Maybe also filter image files out since they could be much larger than just html documents.

  1. Compressed indexes would be a good thing as index exchange and maintenance would be more efficient… As to the Web Cache, why not compress as well? Nowadays computers have compression aids in hardware, etc… it is even possible to DML a database in java in compressed mode… (java RamdomAccessMode in zip and 7zip…).
  2. Can Yacy index images like Google? If so Yacy could also have an option to reduce lossly the size of the image.
  3. The use of the Web Cache could be an extra good thing as a way to have a WayBackMachine of sorts; save and make available a page or website in offline mode, versioned by time (does it do that already?)… important nowadays as web history tends to vanish as they try to rewrite the past. In that case the Web Cache in the form of a content differential (by version), could be exchanged compressed as well…

Just some suggestions, thanks.

Just want to add that if you want to save size by skipping images entirely, in Start Expert Crawl, go to the section Index Attributes and uncheck “Index Media”.

I agree very much with #3. It is one of YaCy’s greatest strengths in this age of censorship. One can also browse the web even if an internet connection is not immediately available.

Hi, about #3: I don’t think Yacy has anything like the WayBackMachine functionality… So that WOULD be a good new one. Again the compression feature no one anwers to would be very important…
About compression on indexes: I found out Lucene/SolR have some index compression options, which I guess it’s upstream of Yacy, but can be used, not sure how. Media such as pictures are an important part that should be indexed and searched… there’s lossy compression methods that can reduce a lot of space…
One can always use a ntfs compessed folder or squashfs, zfs, etc to compress the data folder, but I was wandering if a more native to Yacy solution is possible.

I don’t believe that real time compression is a feature yet. You can try opening an issue on YaCy’s git to request it.

@#3 WayBackMachine functionality might be implementable, but it would only be “usable” if 1) every Yacy peer remains online indefinitely/uninterrupted and 2) all Yacy peers contain, in aggregate, the index of the entire WWW. Chances of both 1 & 2 happening anytime soon are low.

The analogy to Wayback was made in unt’s post

The use of the Web Cache could be an extra good thing as a way to have a WayBackMachine

Locally cached pages are similar to archive.org’s archive in that they are snapshots of a site that you can view without having to connect to the site. If you setup your crawler to cache all pages and reject DHT from peers, you essentially have your own web archive.

I’ve been using yacy on and off for a while and optimizing the index is probably an area where we could get a decent bit of improvement.
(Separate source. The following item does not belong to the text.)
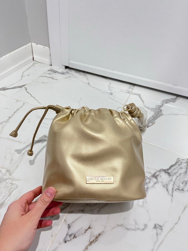 Parlak altın deri kadın çantası, klasik günlük sokak stiline uygun, ipli kapamalı ve desensiz yüzeye sahiptir. Hiç kullanılmadı hediye geldi aynı çantadan bende olduğu için bunu satıyorum
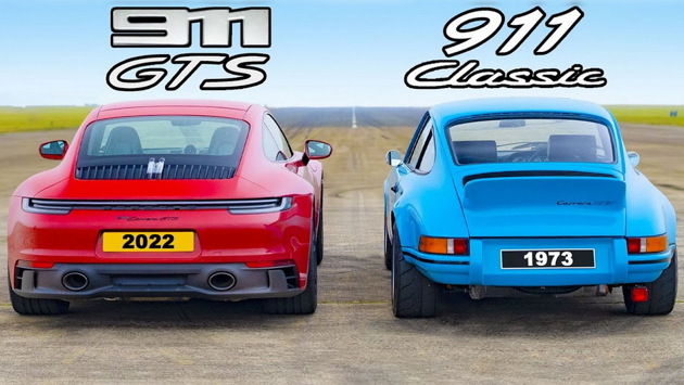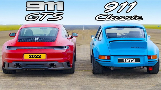 Британский YouTube-канал carwow устроил дрэг-гонку между новым Porsche 911 Carrera GTS (992) и классическим Porsche 911 Carrera RS с мотором от базовой Tesla Model S. Двухдверки посоревновались на прямой аэродрома; дуэль включала в себя заезды с места на четверть мили в разных конфигурациях, параллельные старты с хода с 30 миль в час (50 км/ч) на полмили, а финальным испытанием была оценка эффективности тормозов со 100 миль в час (161 км/ч).

A lot of the extra compute cost from compressing the index at rest can be alleviated by using bloom filters in the indexing. Bloom filters can be near optimally dense and could allow you to only decompress the needed portions of the index (with an adjustable false-positive chance) additionally by using something like NGD (normalized google distance) on the yacy indices you could use a semantic hashing algorithm for your bloom filter, which would mean even false positives are likely to be semantically relevant.

1 Like